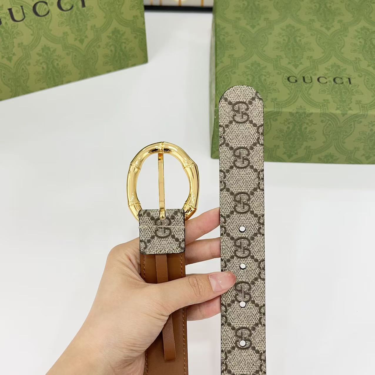 Gucci women's new bamboo buckle with double-sided cowhide and copper buckle, 3.0 cm wide Yards: 75 80 85 90 95 100 105 euros
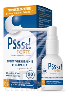 Pssst! FORTE ústny sprej proti chrápaniu obsahuje unikátnu účinnú zložku VOLUME CONTROL COMPLEX TM, ktorá je jedinečnou kombináciou rastlinných extraktov svetlíku lekárskeho, ostropestreca mariánskeho, chmeľu otáčavého, panthenolu, šalviovej a eukalyptovej silice a mentolu.
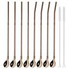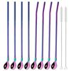 10 шт. многоразовая ложка-соломинка из нержавеющей стали, цветная металлическая соломинка, коктейльная ложка-соломинка, аксессуар для помешивания кофе в молочном баре
------------------------
[TASK GOAL] Would you print the listing above in full, exactly, but with no pictures?

[ANSWER TO THIS TASK]
 Gucci women's new bamboo buckle with double-sided cowhide and copper buckle, 3.0 cm wide Yards: 75 80 85 90 95 100 105 euros
 Pssst! FORTE ústny sprej proti chrápaniu obsahuje unikátnu účinnú zložku VOLUME CONTROL COMPLEX TM, ktorá je jedinečnou kombináciou rastlinných extraktov svetlíku lekárskeho, ostropestreca mariánskeho, chmeľu otáčavého, panthenolu, šalviovej a eukalyptovej silice a mentolu.
 10 шт. многоразовая ложка-соломинка из нержавеющей стали, цветная металлическая соломинка, коктейльная ложка-соломинка, аксессуар для помешивания кофе в молочном баре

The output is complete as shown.